WORK ITEM
Restate word for word the entries below, starting at the line with "Клеёнка-наматрасник Roxy-Kids Zoo, с" and ending at the line with "You came through". Keep both end lines and omit the pictures.

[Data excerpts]
--------

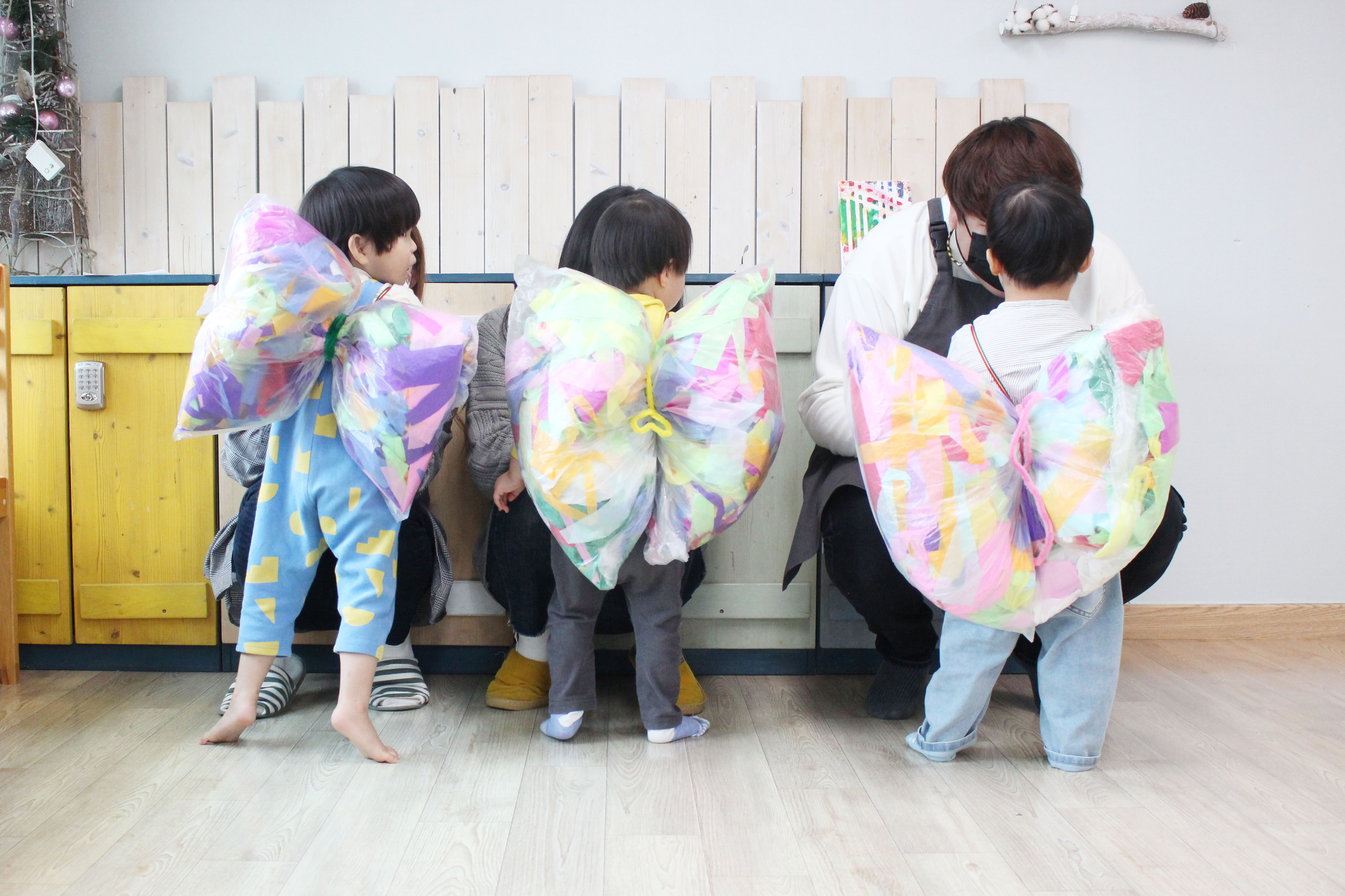 [2021.05.10] 나는 나비 색이 고운 종이를 찢고 뭉치며 즐거운 시간을 보내고 크고 작은 비닐에 모두 넣어 나비를 만들었어요. 아이들의 꿈도 나비처럼 훨훨 날아오를 수 있길♡ 설레임/천사들의 이야기 2021.05.14
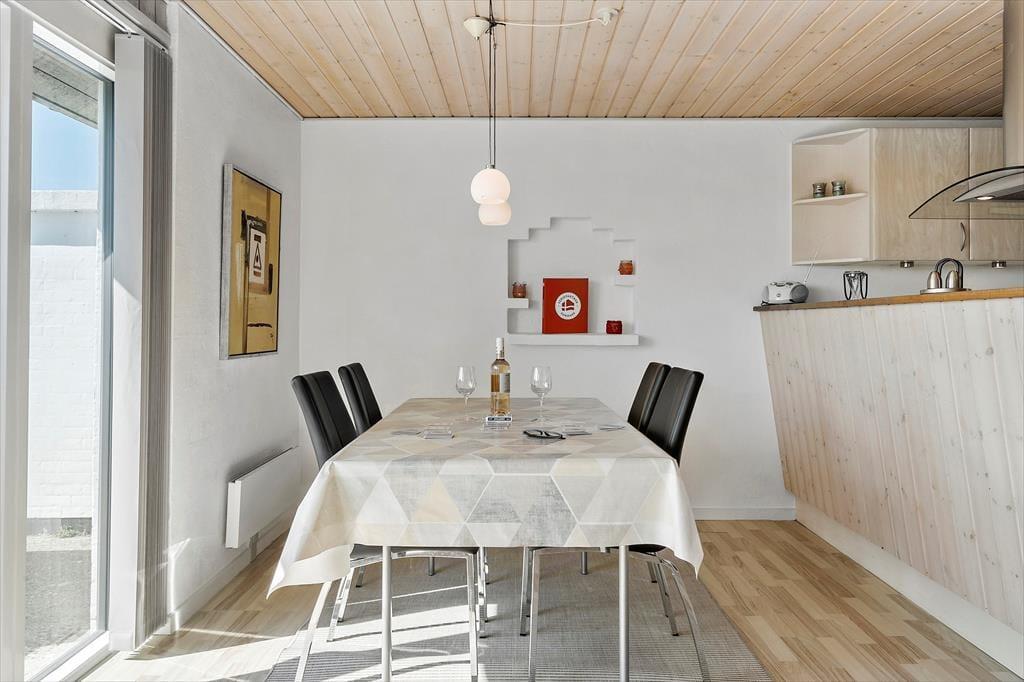 Beliggende i Vejlby Klit har du kort afstand til både strand og lokale faciliteter. En kort gåtur fører dig til det lokale supermarked og en restaurant, hvor du kan nyde lokale specialiteter. Stranden er kun 800 meter væk, så du nemt kan tage en forfriskende dukkert i Vesterhavet eller gå en tur langs kysten og mærke den friske vestenvind. Området byder også på spændende attraktioner som Sea War Museum Jutland i Thyborøn, hvor du kan dykke ned i fascinerende fortællinger om dramatiske søslag, eller besøge Bovbjerg Klint, hvor du kan opleve storslået natur og en imponerende udsigt fra Bovbjerg Fyr.
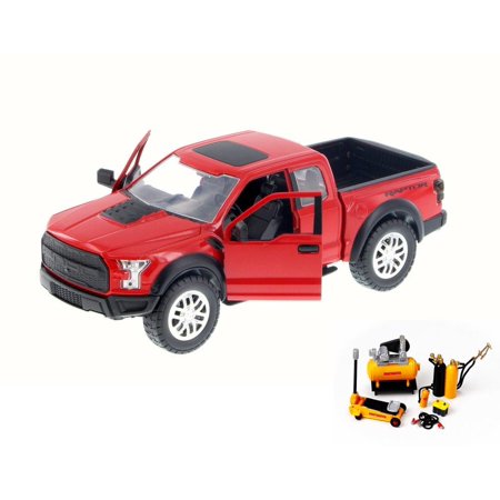 <b>2-piece Diecast Package Includes: </b> <ul> <li>2017 Ford F-150 Raptor Pickup, Red - Jada 98586DP1 - 1/24 Scale Diecast Model Toy Car</li> <li>Mechanic Tool Set #2 - Phoenix Hobby Gear 16059 - 1/24 Scale Diecast Car Accessory </li> </ul> <br /> <br />98586DP1-JADA-RED,16059B,,,,
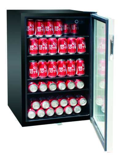 Colour: Glass + Stainless Steel | Control Type: Knobs | Installation Options: Free-Standing | Interior Lights: Yes | Lock: Yes | Number of Bottles: 150 Cans | Reversible Doors: Reversible Doors | Slide-Out Shelves: Yes | Temperature Display: No | Volts / Hertz: 115 V / 60 Hz | Warranty: 1 Year Limited Parts & Labour | Wine Racks: Yes
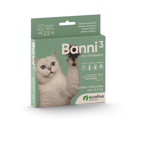 Contém 1 flaconete com 0,3 mL Banni3 até 2,5Kg
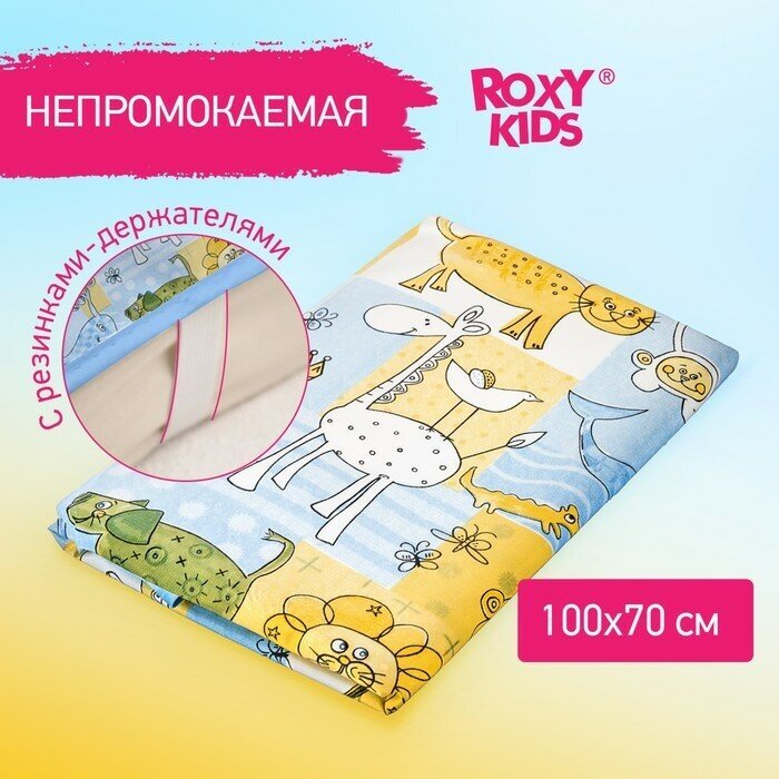 Клеёнка-наматрасник Roxy-Kids Zoo, с резинками-держателями, желто-синий, ПВХ покрытие, 70*100 см
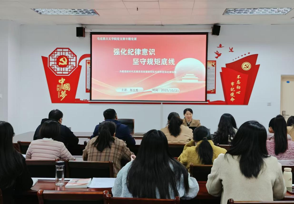 为切实推动太阳成tyc7111cc集团党纪学习教育深入开展,进一步教育引导党员学纪、知纪、明纪、守纪,10月21日下午,太阳成tyc7111cc集团党支部书记郑玉秀以“强化纪律意识 坚守规矩底线——为锻造新时代高素质思政课教师队伍提供坚强纪律保障”为主题,为全体党员教师讲授专题党课。
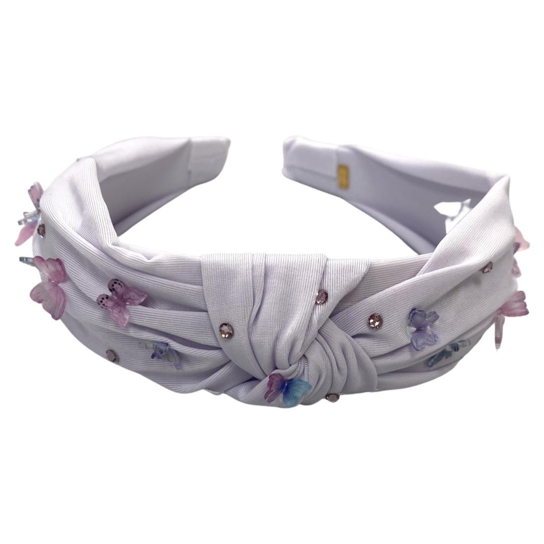 • This structured, and oh so comfortable headband, is made with a soft fabric, embellished with 3 dimensional butterflies and Swarovski Crystals for the perfect accents!
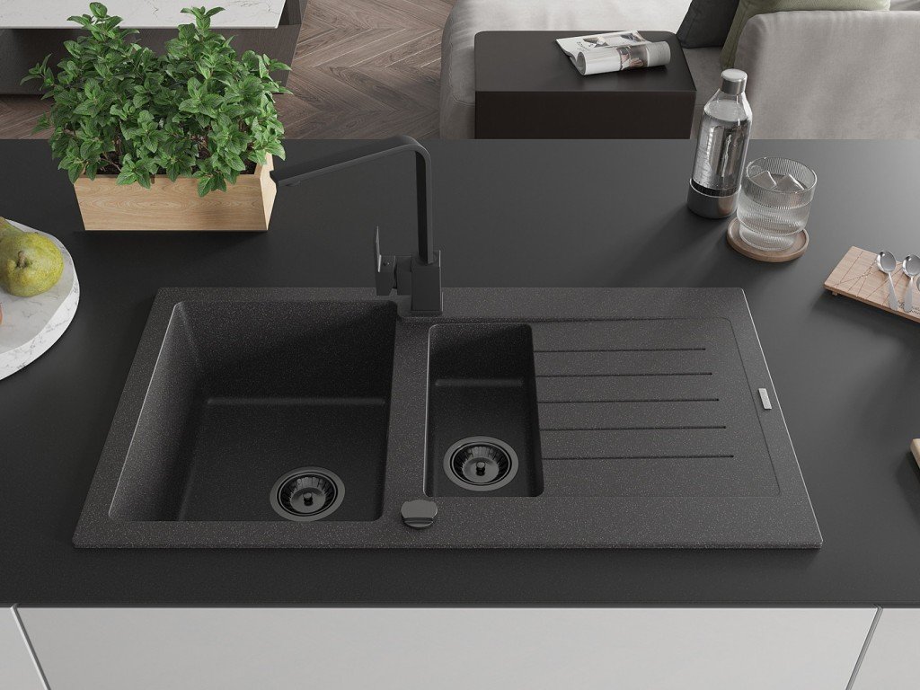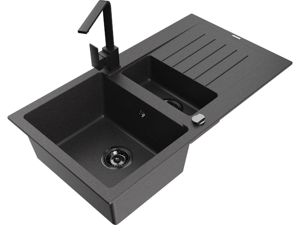MEXEN/S - Matias granitový dřez 1.5 s odkapávačem včetně baterie Rita, černý kropenatý 6502-76-670300-70-B
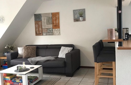 The apartment, about 50 m² is located in the attic with a bedroom with two single beds, which can be put together on request.
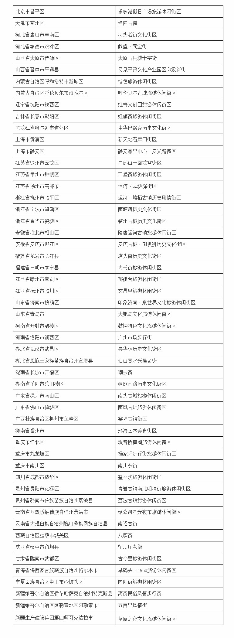 文旅部確定第三批國家級旅遊休閑街區名單
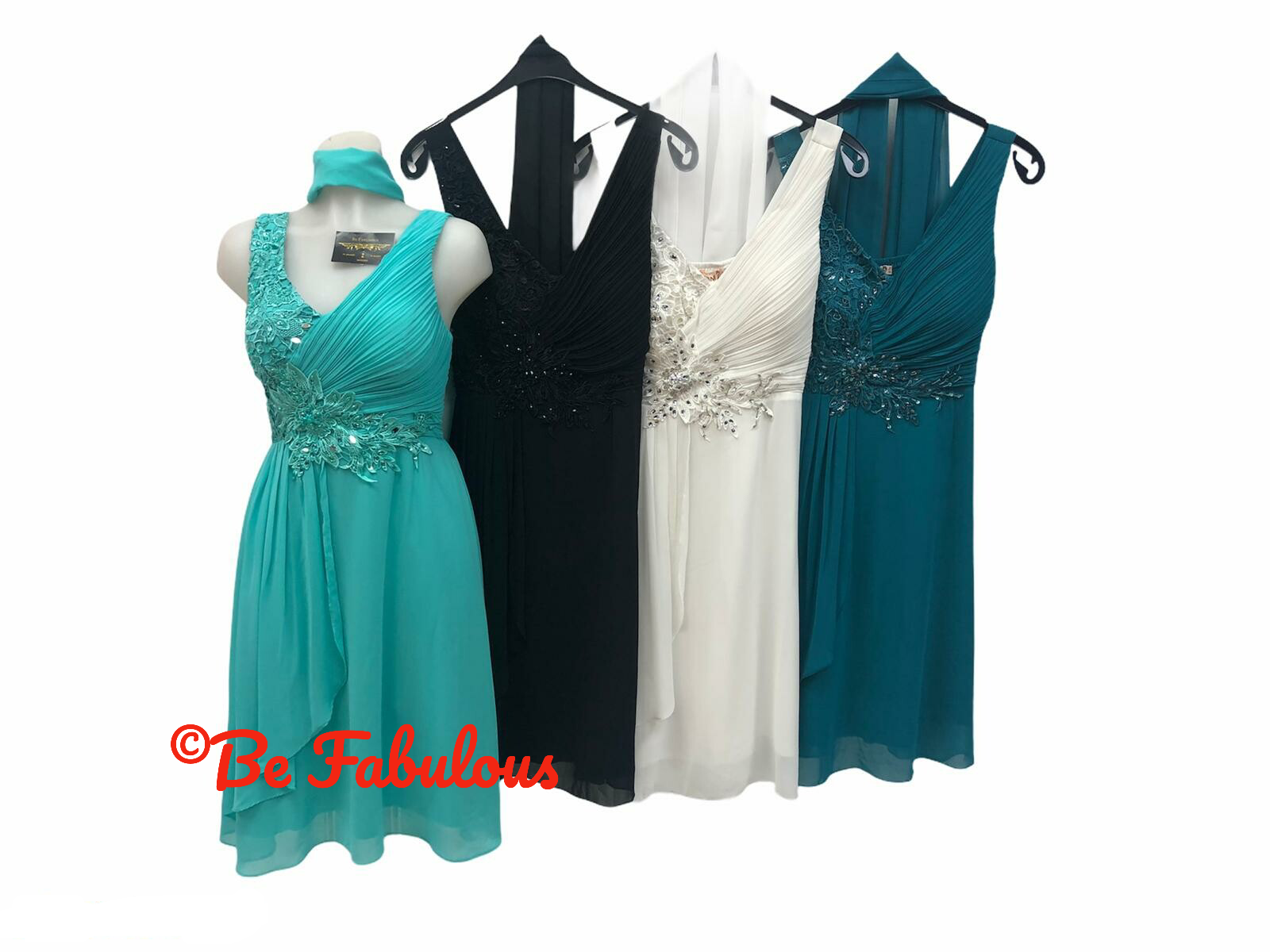 Cocktail jurken verkrijgbaar in maten S-M en L-XL.
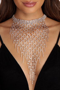 You came through drippin' in this luxe silver lariat necklace! It features two rows of rhinestones for a choker effect, and a single drop row of diamonds to complete the lariat look. Includes a lobster clasp closure.
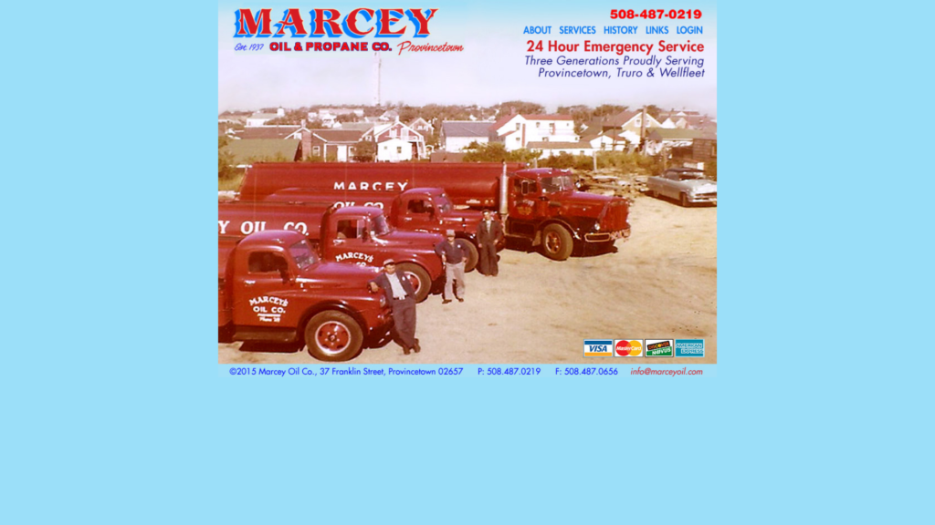Since 1937, Marcey Oil Company has been keeping the outer cape warm. It all began with my grandfather hand-carrying pails of kerosene and blocks of ice to his customers’ homes. Today, we deliver heating oil, propane, clear diesel, and marine/off-road diesel, and offer complete heating system installations, maintenance and conversions, with 24-hour emergency service and fuel delivery. I am so proud to see how my family’s business has grown, and of the integrity of my crew and staff, many of whom I grew up with. It is a pleasure and an honor to do business in this beautiful and diverse community, from our neighbors who started doing business with my father and grandfather, to town’s energetic and creative business owners, and the remarkable “wash-ashores” who bring with them unique stories and experiences from all over America and the world.
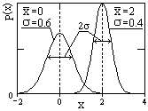 Пример двух распределений Гаусса при разных средних значениях и дисперсиях приведен на рис. 8.3.10. Плотность вероятностей случайной гауссовской величины имеет только один максимум, который соответствует x = xmax @
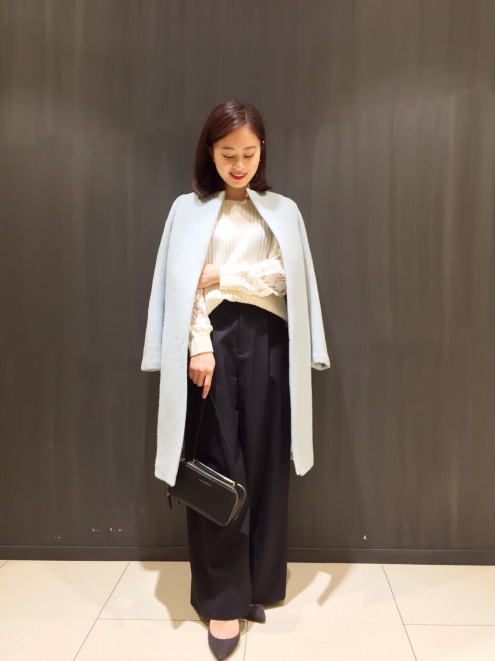 ニットはレース袖で人気です♫ 明るめカラーのコートは春意識のコーディネートにも合わせやすいですね!

--------

RESPONSE TO THIS TASK
 Клеёнка-наматрасник Roxy-Kids Zoo, с резинками-держателями, желто-синий, ПВХ покрытие, 70*100 см
 为切实推动太阳成tyc7111cc集团党纪学习教育深入开展,进一步教育引导党员学纪、知纪、明纪、守纪,10月21日下午,太阳成tyc7111cc集团党支部书记郑玉秀以“强化纪律意识 坚守规矩底线——为锻造新时代高素质思政课教师队伍提供坚强纪律保障”为主题,为全体党员教师讲授专题党课。
 • This structured, and oh so comfortable headband, is made with a soft fabric, embellished with 3 dimensional butterflies and Swarovski Crystals for the perfect accents!
MEXEN/S - Matias granitový dřez 1.5 s odkapávačem včetně baterie Rita, černý kropenatý 6502-76-670300-70-B
 The apartment, about 50 m² is located in the attic with a bedroom with two single beds, which can be put together on request.
 文旅部確定第三批國家級旅遊休閑街區名單
 Cocktail jurken verkrijgbaar in maten S-M en L-XL.
 You came through drippin' in this luxe silver lariat necklace! It features two rows of rhinestones for a choker effect, and a single drop row of diamonds to complete the lariat look. Includes a lobster clasp closure.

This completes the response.